WORK TO BE COMPLETED: Below are entries. Copy exactly the lines running from the line that holds "The State Bank of Czechoslovakia issued" to the line that holds "包身采用独特的菱形纹理印花棉", with both ends included.

RECORDS PROVIDED:
- - -

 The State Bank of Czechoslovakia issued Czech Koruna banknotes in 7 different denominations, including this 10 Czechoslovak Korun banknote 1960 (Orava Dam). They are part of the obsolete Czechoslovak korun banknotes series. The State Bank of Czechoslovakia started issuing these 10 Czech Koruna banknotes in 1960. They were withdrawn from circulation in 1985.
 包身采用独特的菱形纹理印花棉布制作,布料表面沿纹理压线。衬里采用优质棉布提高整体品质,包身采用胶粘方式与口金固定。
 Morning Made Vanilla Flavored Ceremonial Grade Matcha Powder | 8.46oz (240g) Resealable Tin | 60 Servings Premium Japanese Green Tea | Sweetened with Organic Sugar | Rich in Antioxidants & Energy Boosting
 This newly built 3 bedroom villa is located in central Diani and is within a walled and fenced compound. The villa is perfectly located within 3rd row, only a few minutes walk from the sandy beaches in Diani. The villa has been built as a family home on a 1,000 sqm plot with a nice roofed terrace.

- - -

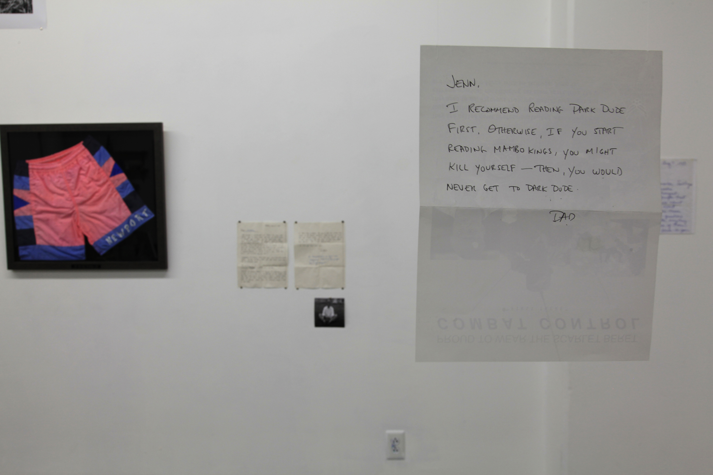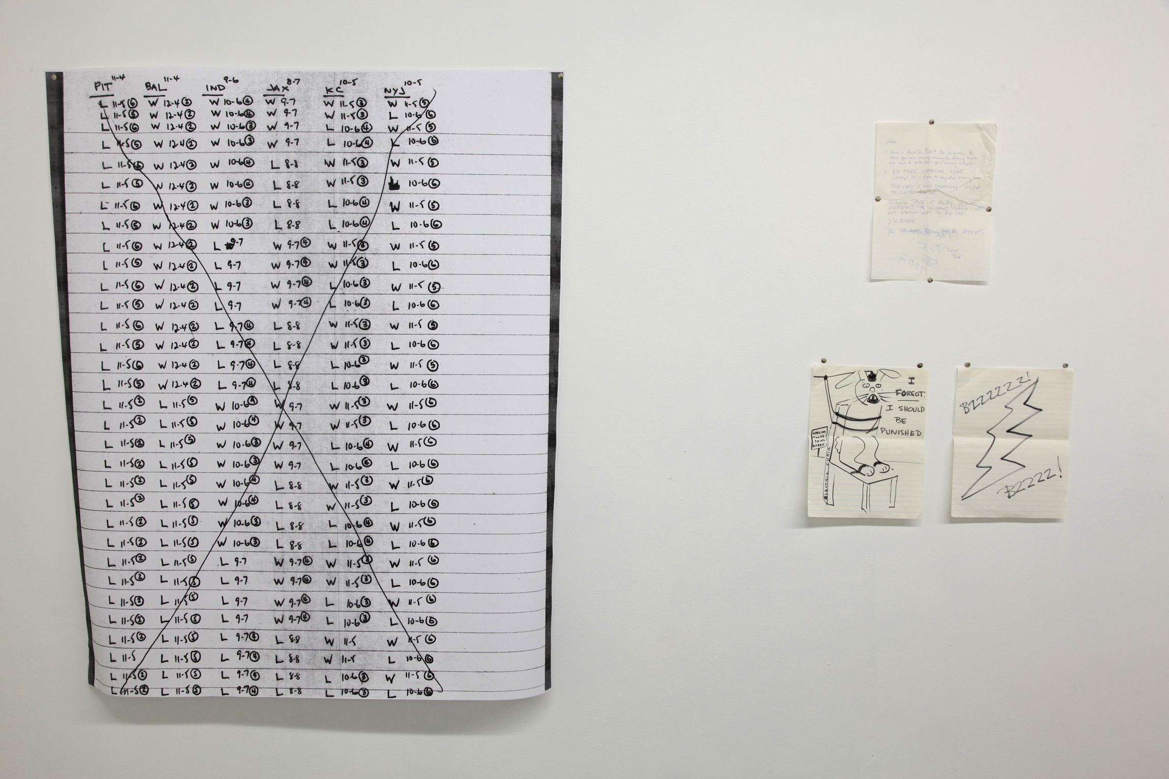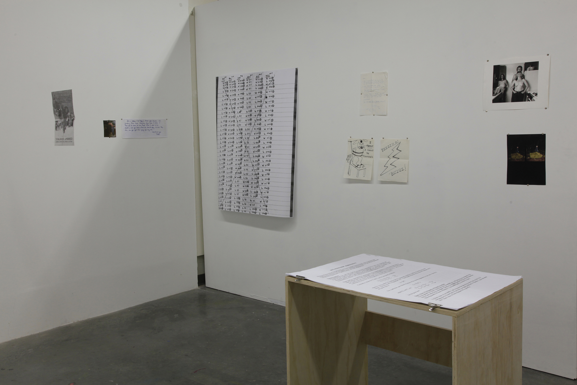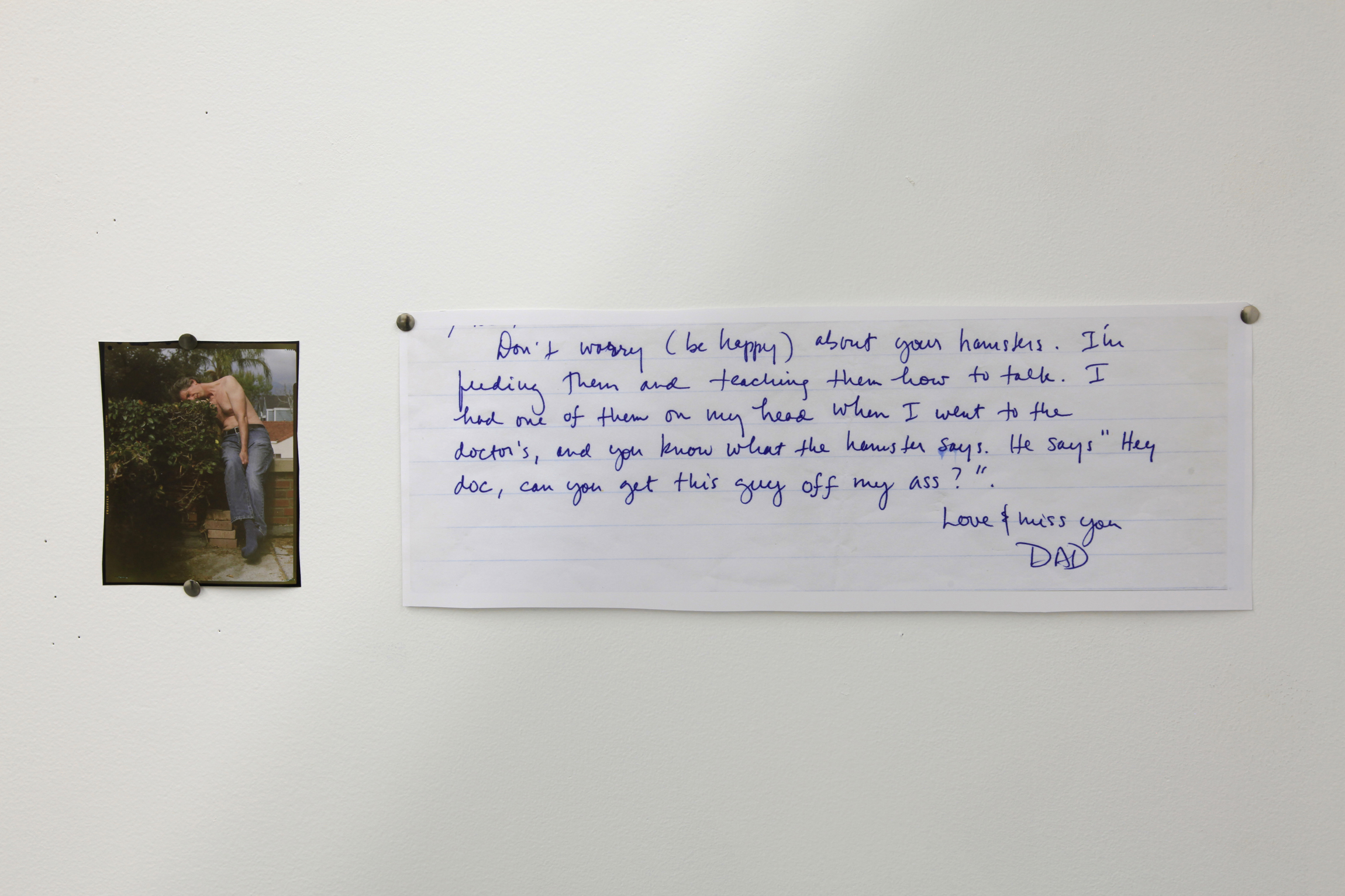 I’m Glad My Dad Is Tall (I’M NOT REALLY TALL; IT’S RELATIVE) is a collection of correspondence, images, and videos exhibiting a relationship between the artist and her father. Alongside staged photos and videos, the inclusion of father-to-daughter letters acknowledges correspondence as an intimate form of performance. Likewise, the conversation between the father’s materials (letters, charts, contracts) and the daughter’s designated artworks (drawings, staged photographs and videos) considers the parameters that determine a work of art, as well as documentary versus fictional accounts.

- - -

TASK RESULT:
 The State Bank of Czechoslovakia issued Czech Koruna banknotes in 7 different denominations, including this 10 Czechoslovak Korun banknote 1960 (Orava Dam). They are part of the obsolete Czechoslovak korun banknotes series. The State Bank of Czechoslovakia started issuing these 10 Czech Koruna banknotes in 1960. They were withdrawn from circulation in 1985.
 包身采用独特的菱形纹理印花棉布制作,布料表面沿纹理压线。衬里采用优质棉布提高整体品质,包身采用胶粘方式与口金固定。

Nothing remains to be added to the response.